INVESTMENT MERIT
- Better outlook. The share price of Hovid
has risen 10% within a week to hit a 10-month high of RM0.265 after we issued
our OR piece last Monday before closing at RM0.25 yesterday. We see positive
catalysts after visiting its plant in Ipoh last Friday. Hence, our previous
projection is still deemed to be conservative.
- New rights issue to ease gearing. The group’s current net gearing stands at
0.4x. We believe its proposed renounceable right issue of up to 571.5m warrants
at the issue price of RM0.02 each will not only provide an option for
shareholders to increase their participation but will also enable the group to raise
up to RM11.4m to finance its working
capital. The rights issue will also enhance the equity base and decrease the group’s
net gearing further. This will be completed in Feb 2013 after the expiry of its
existing warrants.
- Earnings projection upgraded. In FY12A, Hovid reported a net profit of
RM15.8m. However, this net profit was dragged down by a RM2.0m non-recurring
item in Carotech. Including this, Hovid should have reported a net profit of
RM17.8m. Besides, we also saw revenue in 4Q12 jumped to RM45.7m (+16% QoQ,
+32% YoY) due
mainly to new
production lines installed, which
should have a full impact on FY13 earnings. As such, we are raising our FY13
projection to RM24m from RM20m previously.

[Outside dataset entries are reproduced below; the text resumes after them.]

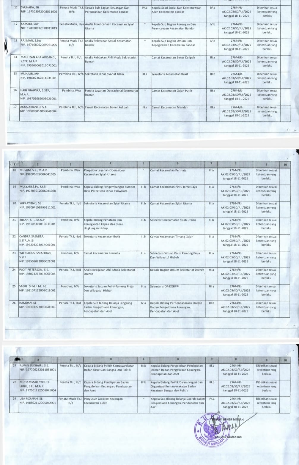 Sementara itu, berdasarkan salinan keputusan yang diterima dari Kepala Badan Kepegawaian Pendidikan dan Pelatihan Kabupaten Bener Meriah, Sukur, S.Pd., M.Pd., mutasi tersebut dilakukan berdasarkan Keputusan Bupati Bener Meriah Nomor: Peg.821/44/Ktsp/2026 tentang Pengangkatan dan Pemberhentian Pejabat Administrator dan Pengawas di Lingkungan Pemerintah Kabupaten Bener Meriah.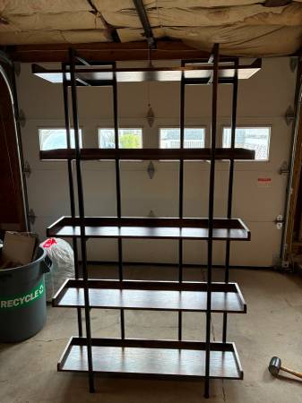 Sturdy metal frame bookshelf with five shelves (not adjustable). Like new. $65. Dimensions: 41-1/2”W x 11-3/4”D x 72”H.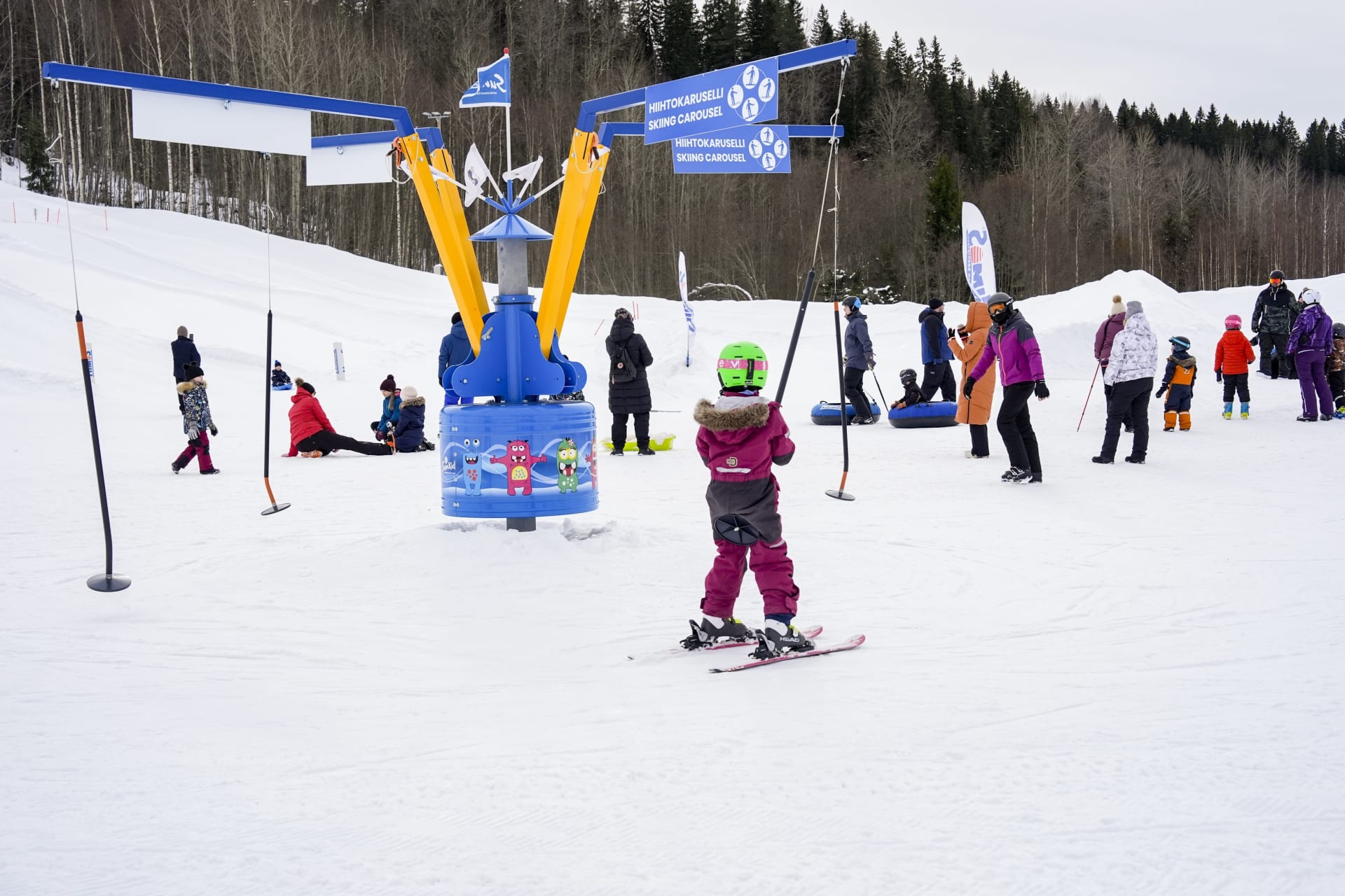 Pääsymaksuun sisältyy Lumilan pulkkien, rattikelkkojen, liukumattojen ja tuubien vapaa käyttö.

- Decent dividend yield. So far, Hovid has
no firm dividend policy. Based on our estimates, GDPS of 1.0-1.5 sen for FY13 are
achievable. This translates into dividend yields of 4.0% to 6.0% based on the
current share price, which is fairly decent.
- Upgrade to Trading
Buy. The stock is trading at 8.0x FY13 PER, which is still below the industry’s
average of 9.1x PER for small-cap pharmaceutical players. With our earnings
revision, HOVID is now valued at RM0.30 based on FY13 9.1x PER. Upgrade to
Trading Buy from Neutral.
SWOT ANALYSIS
- Strength:
Continuous input on R&D, rich products portfolio and extensive
international network
- Weaknesses: Potential margin squeeze due to competition
- Opportunities: Further growth in its already rich int’l distribution
network particularly in healthcare products in developing countries.
Introduction of more generic drugs
- Threats: Slower than expected drugs
registration approval
TECHNICALS
- Resistance: RM0.275 (R1), RM0.29 (R2)
- Support: RM0.245 (S1), RM0.215 (S2)
- Comments:
Following a strong run up from 20
sen to a recent high of 29 sen, Hovid’s technical indicators look exhausted.

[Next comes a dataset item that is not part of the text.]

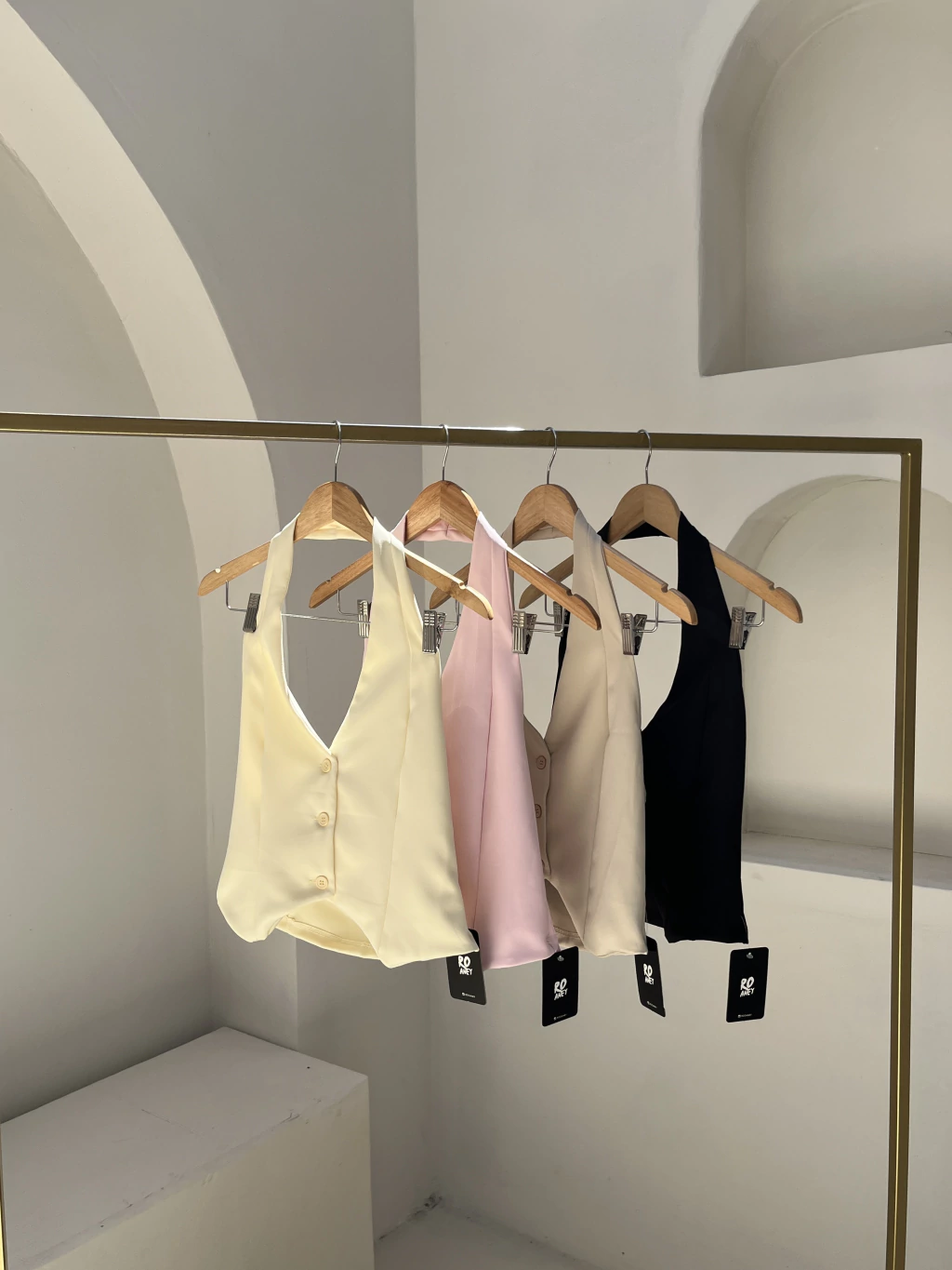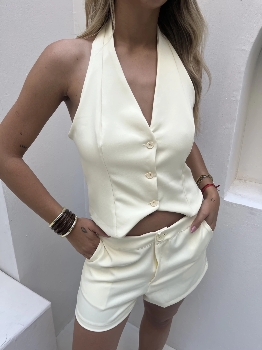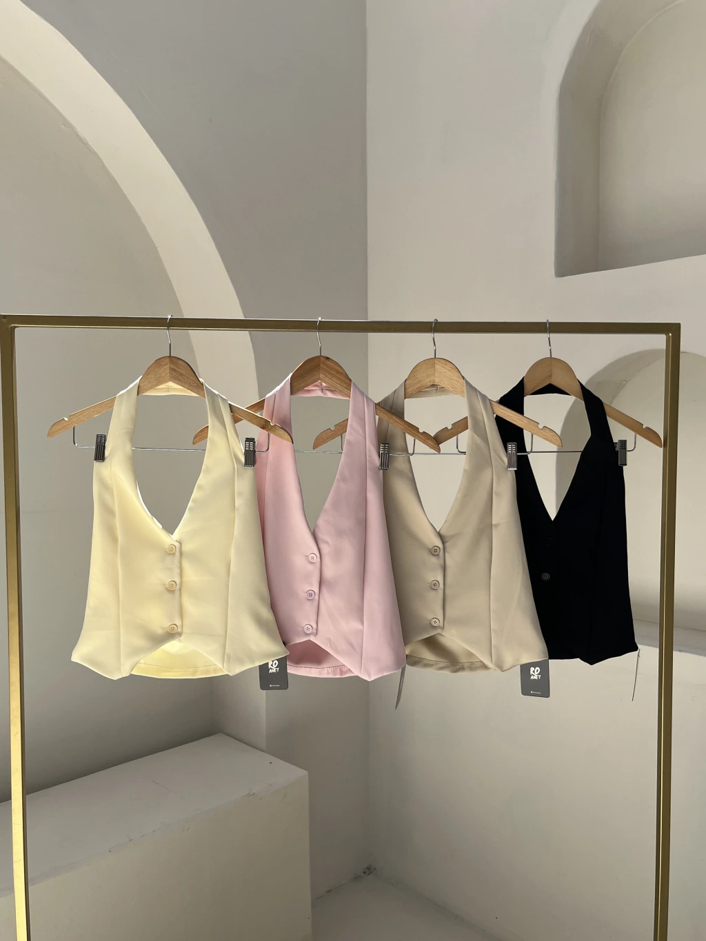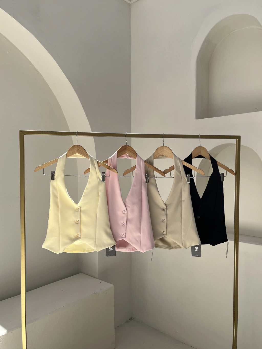 Chaleco sastrero corte Marilyn, confeccionado en materiales de excelente calidad. Disponible en tonos neutros y pasteles, combina elegancia y frescura para realzar cualquier look. Ideal para usar solo o como complemento en outfits sofisticados y modernos.

The overall trend remains bullish
although the share price may continue its consolidation phase in the short
term. Look to buy lower at 24-24.5 sen with upside targets 27.5 sen and 29
sen.
BUSINESS OVERVIEW
Hovid Berhad (Bursa Code: 7213, HOVID) is engaged in the
manufacturing of pharmaceutical and herbal products. The company is a
pharmaceutical manufacturer of medicinal preparations and health supplements
with more than 300 products distributed over 50 countries globally.

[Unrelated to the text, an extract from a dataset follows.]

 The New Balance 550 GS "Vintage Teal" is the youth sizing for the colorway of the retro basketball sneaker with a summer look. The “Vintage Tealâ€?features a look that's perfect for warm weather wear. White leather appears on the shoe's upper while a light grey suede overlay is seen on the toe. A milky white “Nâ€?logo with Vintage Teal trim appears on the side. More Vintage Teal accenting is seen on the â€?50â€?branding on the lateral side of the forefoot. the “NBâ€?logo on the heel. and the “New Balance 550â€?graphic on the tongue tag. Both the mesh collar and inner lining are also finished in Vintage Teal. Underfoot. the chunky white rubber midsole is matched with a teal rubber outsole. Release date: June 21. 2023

Hovid's products include antibiotics, antidiabetics,
antihypertensives, antimalarial and anti-inflammatory analgesics ranging from
skin care and hair care to health beverages. Its products are manufactured in
GMP compliant plants. The group’s popular products include Tocovid SupraBio and
Ho Yan Hor Herbal Tea.
BUSINESS SEGMENTS
HOVID’s core business is its Pharmaceutical segment, which
is involved in the manufacturing and sale of pharmaceutical products. In FY12,
HOVID’s Pharmaceutical division recorded a
revenue of RM164.8m (+13.5% YoY) due mainly to additional production
capacity and increased output as a result of higher demand from customers.